Tell me, can you confidently say the taste of your mothers cooking is really better than mine? Do you enjoy your Marlboro Milds more than I enjoy my beedi on monsoon evenings? Is watching the Indo-Pak match on a flatscreen tv really more exciting than huddling together in the tv room?
Look, I don’t blame you for thinking that you and I are not the same. But we have both played hide and seek as children. And maybe I hid behind mountains of trash, and you behind concrete walls. But are our lives really all that different?

You know, my mother makes the best parathas, I discuss politics with my friends over hot chai and have watched every Shah Rukh movie so far. I try my luck with Minti every once in a while. I cant say I have too many complaints. I get paid to sit around and read a newspaper in the shade. I take back pakodas for Ma every now and then. She says I am the pride of the family.

You are welcome to visit me anytime. My name is Kishan. I live in Rajendra Prasad Chawl, Dharavi. You don’t need the house number. Just ask where Kishan lives. Everyone knows me.

20 thoughts on “Postcards from Poverty

  1. I almost missed this post, so glad opened my mail to read this…. Mind blown!!

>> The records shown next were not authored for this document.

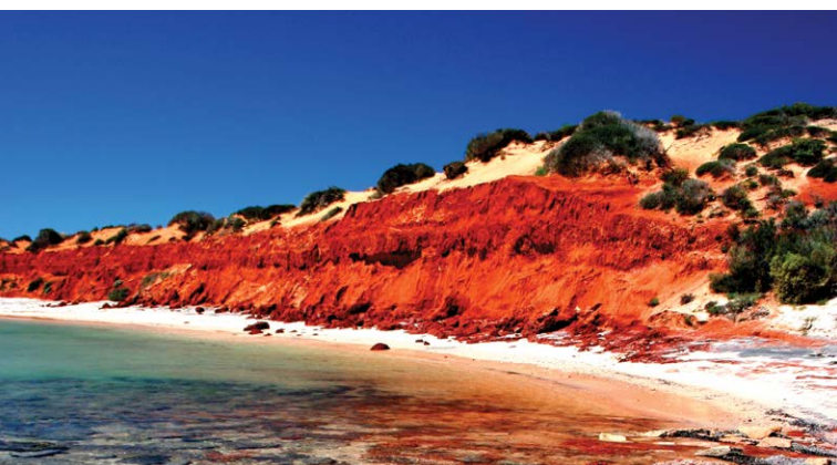
Above Bottle Bay.

Keep an eye out for the remains of a fish canning factory established in 1933 and converted to a fish freezer in 1938. The freezer was closed in 1947 when a new freezer plant was built in Denham. You can launch small boats here over very soft sand.
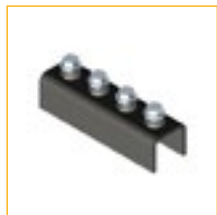
7. Joiner Profile
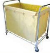
QUADRATE LAUNDRY CART (SS) C-106 Size: 89cm x 92cm x 56cm
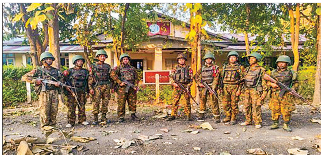
Tatmadaw members stand proudly in victorious combat uniforms outside the officers’ mess following successful counterattacks on KNLA and PDF terrorists.

MALICIOUS media outlets spread false information on social media that 1,500 members of KNLA and PDF terrorists attacked the regional bases and exploded the bridge in Mone, Kyaukkyi Township, Bago Region. They conquered Mone on 3 December.
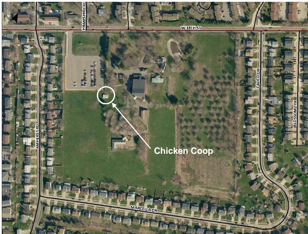
Porreco College (Erie Campus) Edinboro University of Pennsylvania
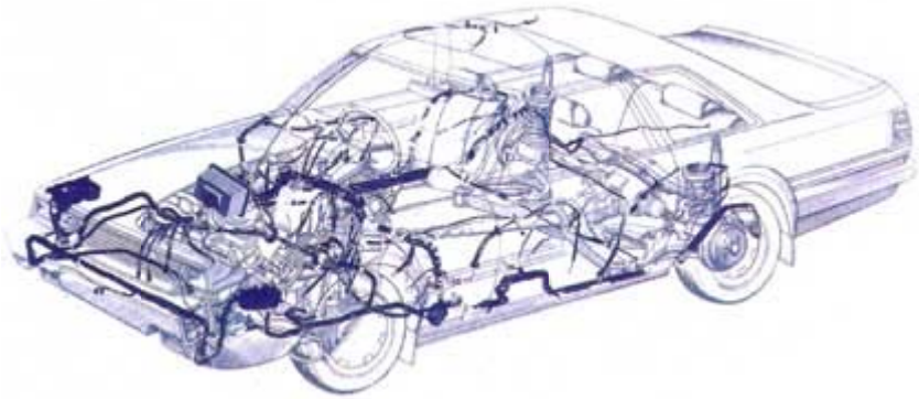
Dimensions of COT TUBE

COT TUBE for wiring harnesses. Used in automobiles. By JIS (Japanese Industrial Standard) cot tube make from high quality PP (Poly Propylene) nonflamable.
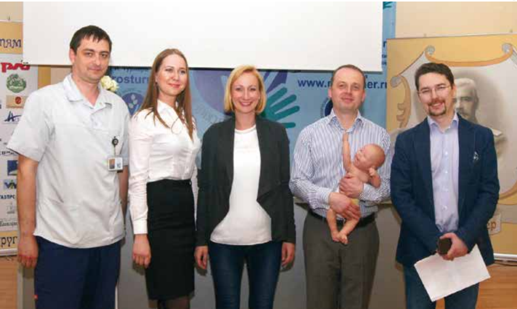
Pediatric Orthopedics Satellite Symposium in St. Petersburg, Russia
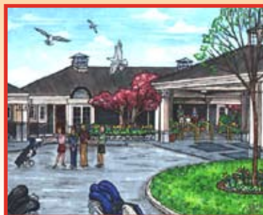
Overlake Golf & Country Club
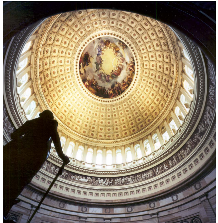
The Rotunda of the U.S. Capitol.

Congress is divided into two parts—the Senate and the House of Representatives. Because it has two “chambers,” the U.S. Congress is known as a “bicameral” legislature. The system of checks and balances works in Congress. Specific powers are assigned to each of these chambers. For example, only the Senate has the power to reject a treaty signed by the president or a person the president chooses to serve on the Supreme Court. Only the House of Representatives has the power to introduce a bill that requires Americans to pay taxes.
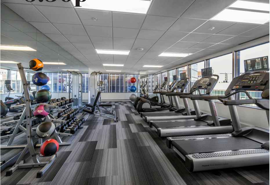
QUICK WORKOUT IN THE ON-SITE FITNESS CENTER The newly renovated Sevens Building offers a new fitness center with high-end equipment and stellar views of Clayton.
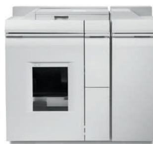
Basic Finisher Module Plus—Bypass

    Its so good to have perspective, definitely sharing. Great job, keep em coming 😀

  2. An amazing post!! Our lives are not that different, we just live in the illusion that they are different and distinct!! After all we are the same human beings, with an identical biological systems, but a differently calibrated brain!! 🙂

  3. Pingback: Postcards from Poverty | silenceinthenoiseblog

  4. Just want to let you know that I love reading your posts. Every time I am down, tense, or worried, your posts help me face reality. Keep up the good work.

    By the way, I am sure you have read them, but I highly suggest City of Joy, and then Shantaram. Nice glimpses of slum life embodying exactly what you wrote.